## EXERCISE DESCRIPTION
Copy out the data below from the line containing "- Islam, N.;" to the line containing "報(bào)名通過審核人數(shù)前十", both lines included, with all images left out.

## EXTRACTED ENTRIES
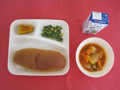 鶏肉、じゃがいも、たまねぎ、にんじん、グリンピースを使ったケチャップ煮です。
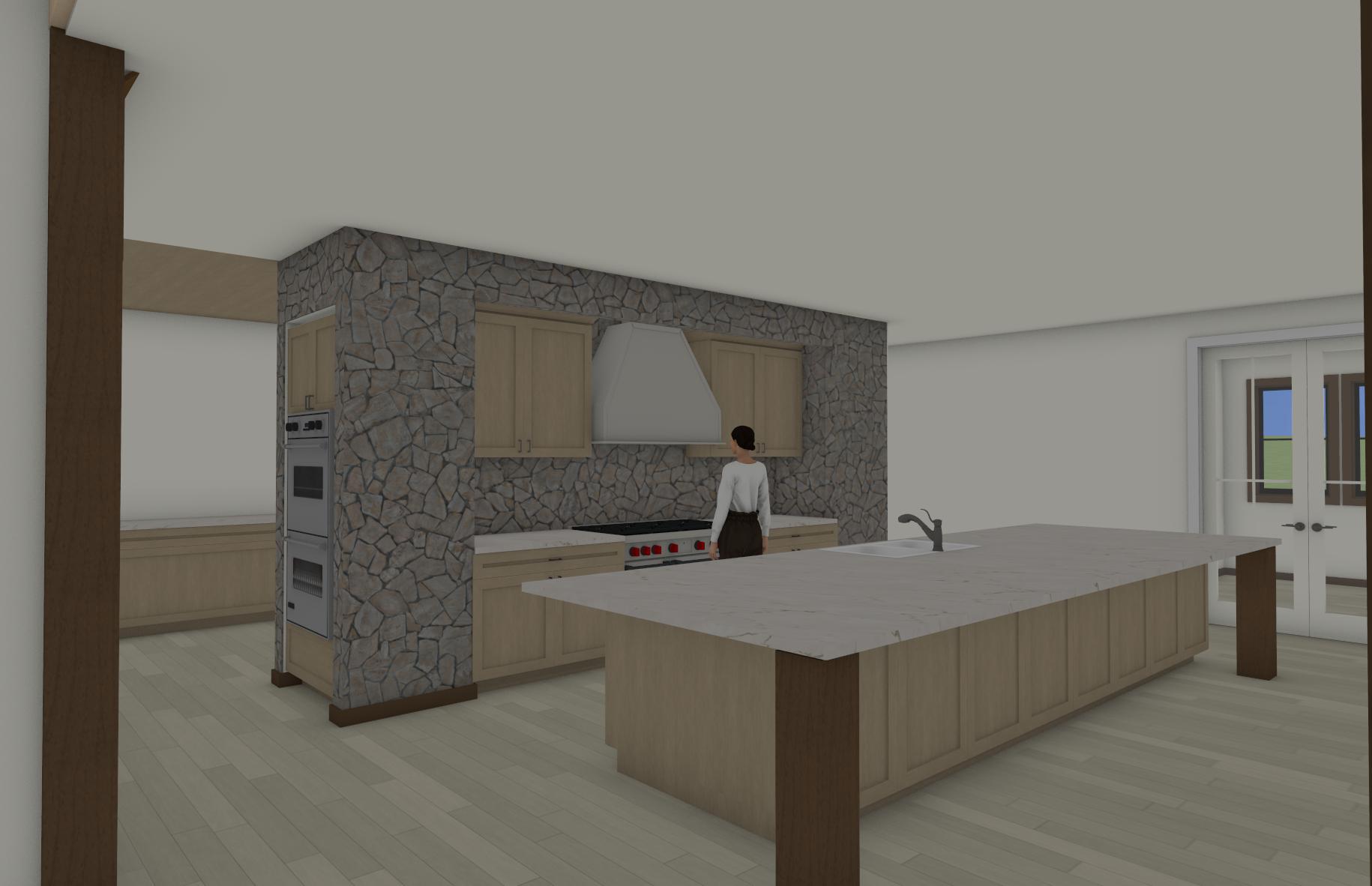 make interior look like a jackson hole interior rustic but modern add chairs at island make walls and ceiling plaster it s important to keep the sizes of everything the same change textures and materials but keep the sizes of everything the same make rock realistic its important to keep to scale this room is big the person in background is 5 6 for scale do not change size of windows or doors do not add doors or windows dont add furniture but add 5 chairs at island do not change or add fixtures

...

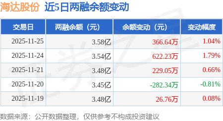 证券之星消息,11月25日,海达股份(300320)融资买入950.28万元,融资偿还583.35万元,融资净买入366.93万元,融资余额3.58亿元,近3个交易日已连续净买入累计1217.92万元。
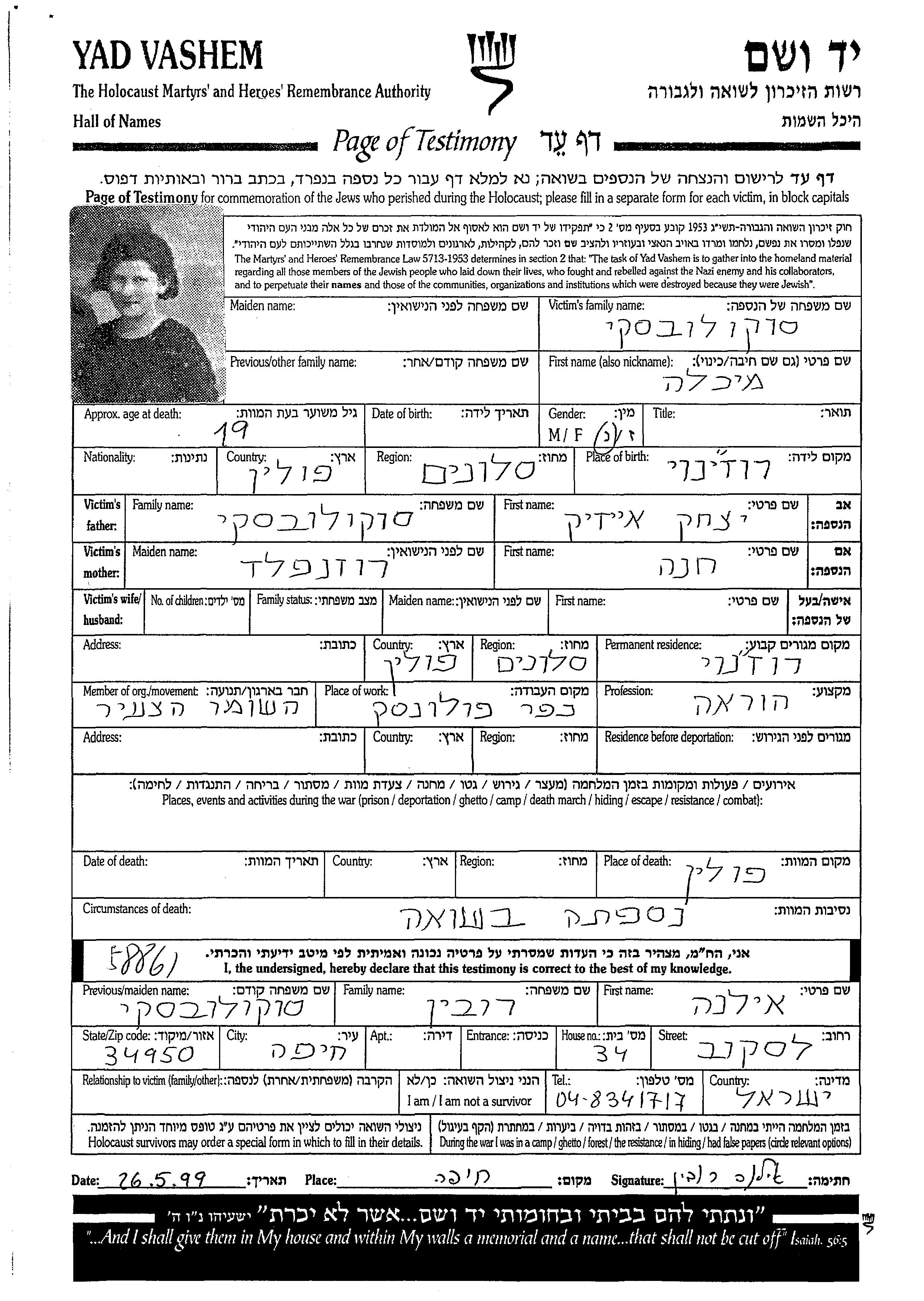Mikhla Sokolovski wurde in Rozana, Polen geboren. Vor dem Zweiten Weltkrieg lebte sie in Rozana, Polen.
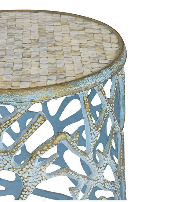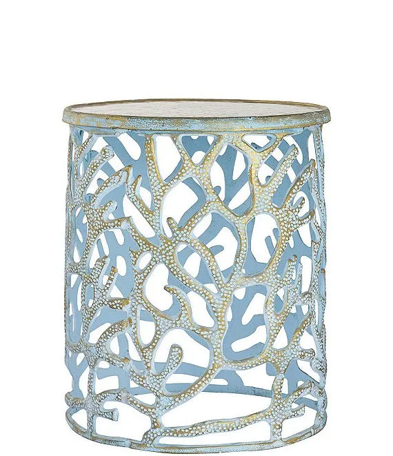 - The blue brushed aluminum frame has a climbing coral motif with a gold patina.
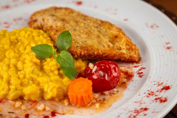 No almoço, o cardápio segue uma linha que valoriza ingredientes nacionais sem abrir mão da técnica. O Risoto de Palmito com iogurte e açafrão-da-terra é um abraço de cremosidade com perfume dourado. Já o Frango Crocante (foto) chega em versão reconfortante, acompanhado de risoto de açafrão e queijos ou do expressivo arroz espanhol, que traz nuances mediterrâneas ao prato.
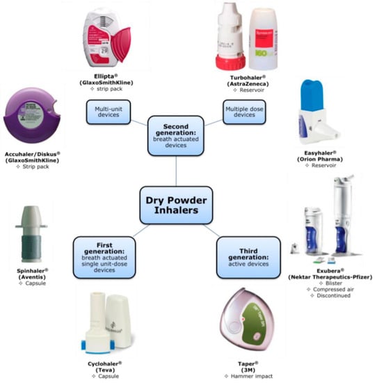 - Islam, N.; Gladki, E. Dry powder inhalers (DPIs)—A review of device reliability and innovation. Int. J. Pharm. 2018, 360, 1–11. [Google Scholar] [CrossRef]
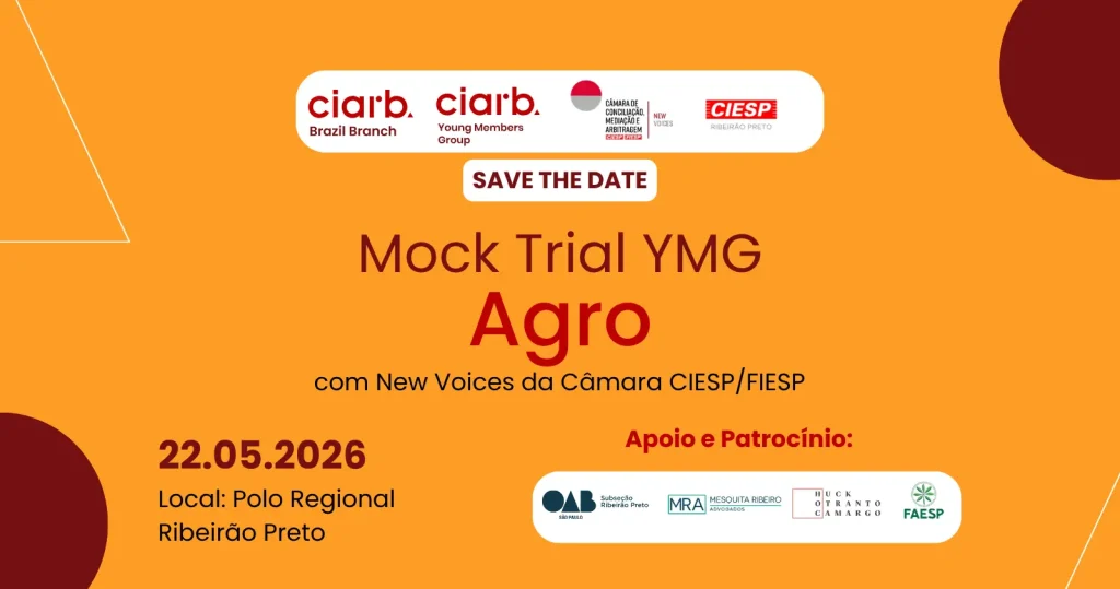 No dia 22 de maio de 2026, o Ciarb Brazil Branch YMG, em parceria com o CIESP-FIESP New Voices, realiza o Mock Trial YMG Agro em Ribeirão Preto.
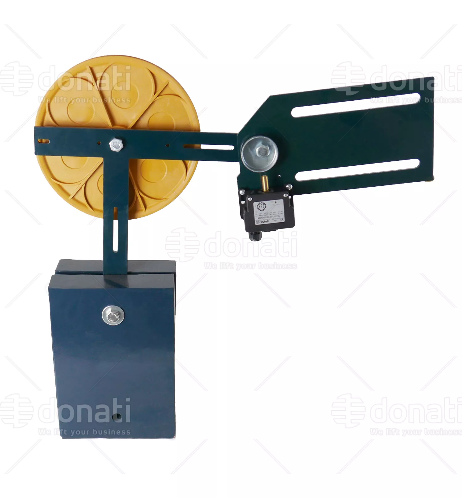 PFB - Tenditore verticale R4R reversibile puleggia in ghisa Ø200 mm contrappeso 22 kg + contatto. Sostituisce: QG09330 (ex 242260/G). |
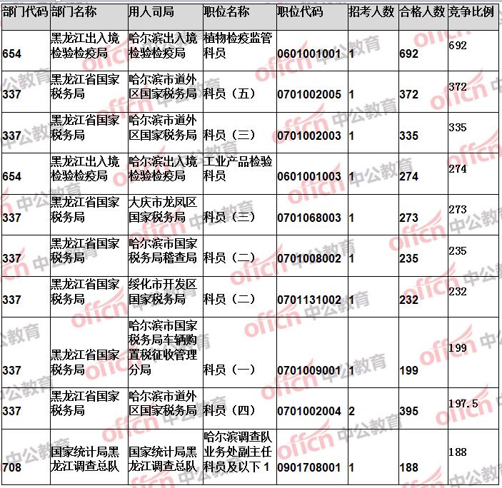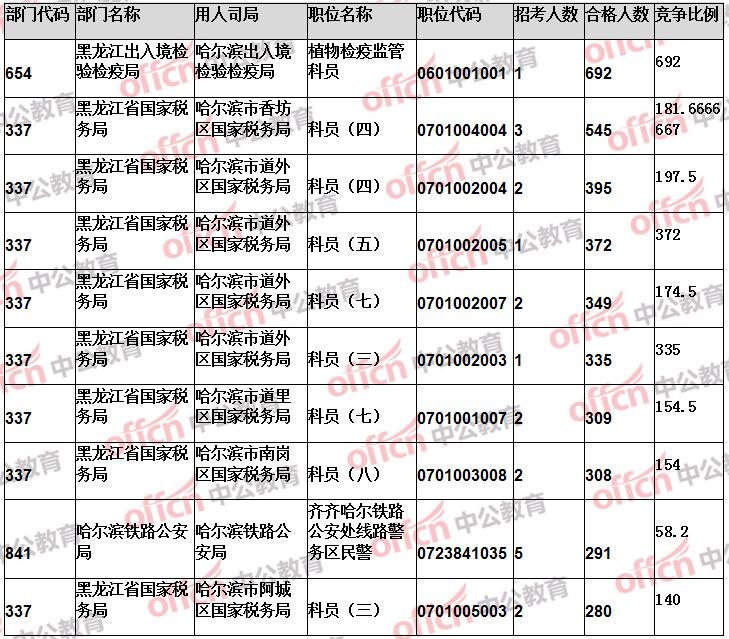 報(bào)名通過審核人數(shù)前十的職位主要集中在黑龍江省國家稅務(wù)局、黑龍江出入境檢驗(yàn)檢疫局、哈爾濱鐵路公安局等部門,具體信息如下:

## WRITTEN SOLUTION
 - Islam, N.; Gladki, E. Dry powder inhalers (DPIs)—A review of device reliability and innovation. Int. J. Pharm. 2018, 360, 1–11. [Google Scholar] [CrossRef]
 No dia 22 de maio de 2026, o Ciarb Brazil Branch YMG, em parceria com o CIESP-FIESP New Voices, realiza o Mock Trial YMG Agro em Ribeirão Preto.
 PFB - Tenditore verticale R4R reversibile puleggia in ghisa Ø200 mm contrappeso 22 kg + contatto. Sostituisce: QG09330 (ex 242260/G). |
 報(bào)名通過審核人數(shù)前十的職位主要集中在黑龍江省國家稅務(wù)局、黑龍江出入境檢驗(yàn)檢疫局、哈爾濱鐵路公安局等部門,具體信息如下:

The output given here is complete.